|Matthew Henry's Concise Commentary|
6:12-19 If the slothful are to be condemned, who do nothing, much more those that do all the ill they can. Observe how such a man is described. He says and does every thing artfully, and with design. His ruin shall come without warning, and without relief. Here is a list of things hateful to God. Those sins are in a special manner provoking to God, which are hurtful to the comfort of human life. These things which God hates, we must hate in ourselves; it is nothing to hate them in others. Let us shun all such practices, and watch and pray against them; and avoid, with marked disapproval, all who are guilty of them, whatever may be their rank.

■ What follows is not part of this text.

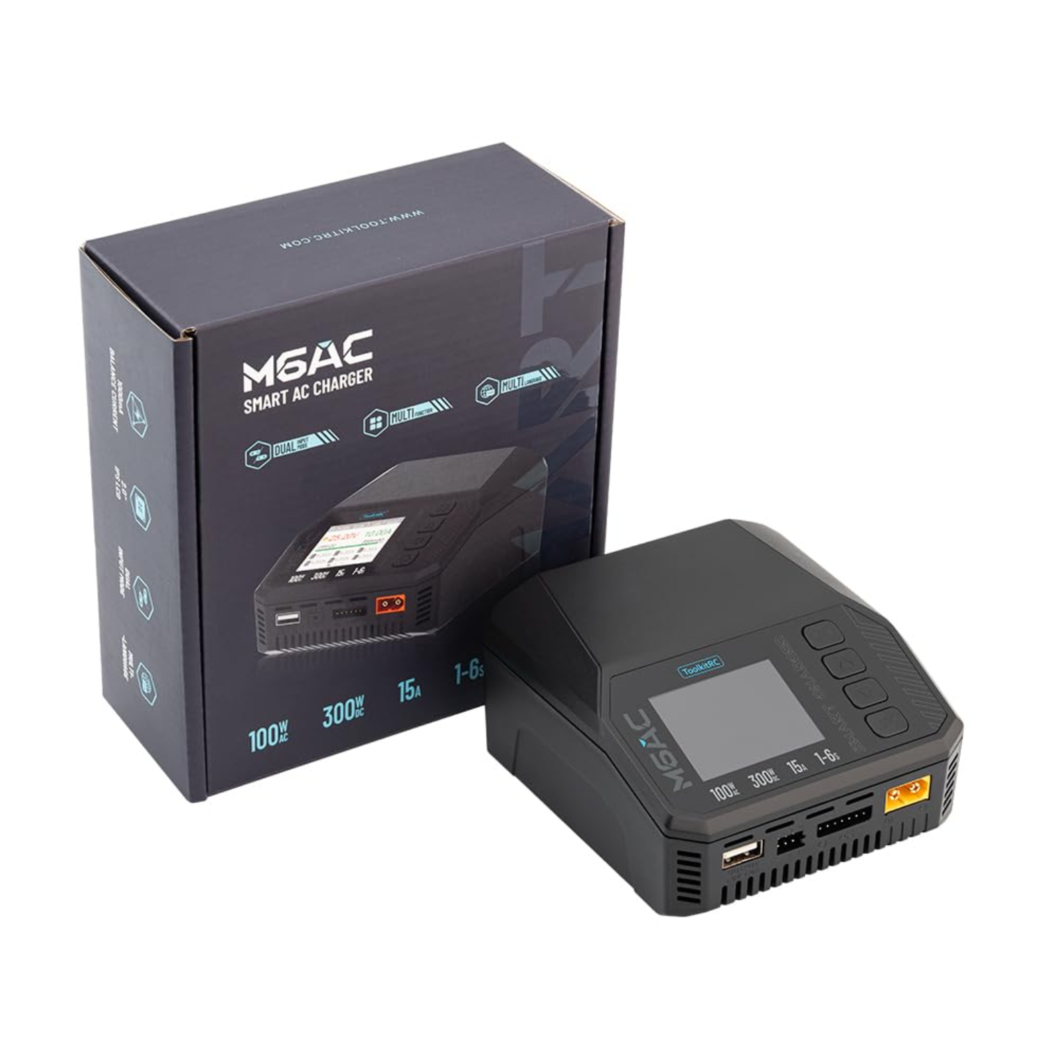 The ToolkitRC M6AC Battery Charger is a powerful yet compact smart charging solution designed for RC enthusiasts and hobbyists. With an impressive 150W AC input and up to 300W DC power output, it delivers efficient and reliable charging performance for a wide range of batteries. Supporting 1–6S LiPo, LiHV, LiFe, Li-ion, NiMH, and Pb (lead-acid) batteries, this charger ensures maximum flexibility across different applications, from drones and RC cars to boats and planes.

Verse 14. - From these external features the teacher passes to the heart the seat of all this mischief and deceit. In this respect we observe a striking correspondence with the method adopted by our Saviour in his leaching, who referred everything to the heart, as the true seat of all that was good or bad in man. Frowardness is in his heart (Hebrew, tah'pukoth b'libbo); i.e. his heart is full of perverse imaginations, it is there he nourishes his jealousy, his hatred, his malice, his ill will. It is there, too, he deviseth mischief continually. "Devising mischief" carries us one step further back in the history of evil. It is this feature, this deliberate premeditation to plot mischief and to devise means to carry it into execution, which makes the character of the man simply diabolical. He makes his heart as it were the workshop wherein he fabricates and prepares his villainy. The Hebrew kharash (to which the participle khoresh belongs) is equivalent to the Vulgate machinari, and the LXX. τεκαίνομαι, "to fabricate, devise, plot." (See Proverbs 3:29 and ver. 18; and cf. Psalm 36:4, "He deviseth mischief upon his bed.") The LXX. combines the two statements in one proposition: "A perverse heart deviseth evil at all times." Similarly the Vulgate, which, however, joins "continually" (Hebrew, b'koleth; Vulgate, omni tempore) to the second hemistich, thus: "And at all times he sows discord (et omni tempore jurgia seminat)." He soweth discord (Hebrew, mid'-yanim (Keri) y'shalleakh); literally, he sends forth (i.e. excites) strife; or, as the margin, he casteth forth strife. The Keri reading mid'yanim, for the Khetib m'danim, is probably, as Hitzig suggests, derived from Genesis 37:36. The phrase occurs again as shallakh m'danim in ver. 19, and as shillakh madon Proverbs 16:28 (cf. Proverbs 10:12). This is the culminating point in the character of the wicked man. He takes delight in breaking up friendship and in destroying concord among brethren (see ver. 19), and thus destroys one of the most essential elements for promoting individual happiness and the welfare of the community at large. This idea of the community is introduced into the LXX., which reads, "Such an one brings disturbance to the city (ὁ τοσοῦτος ταραχὰς συνίστησι πόλει)." The motive cause may be either malice or self-interest.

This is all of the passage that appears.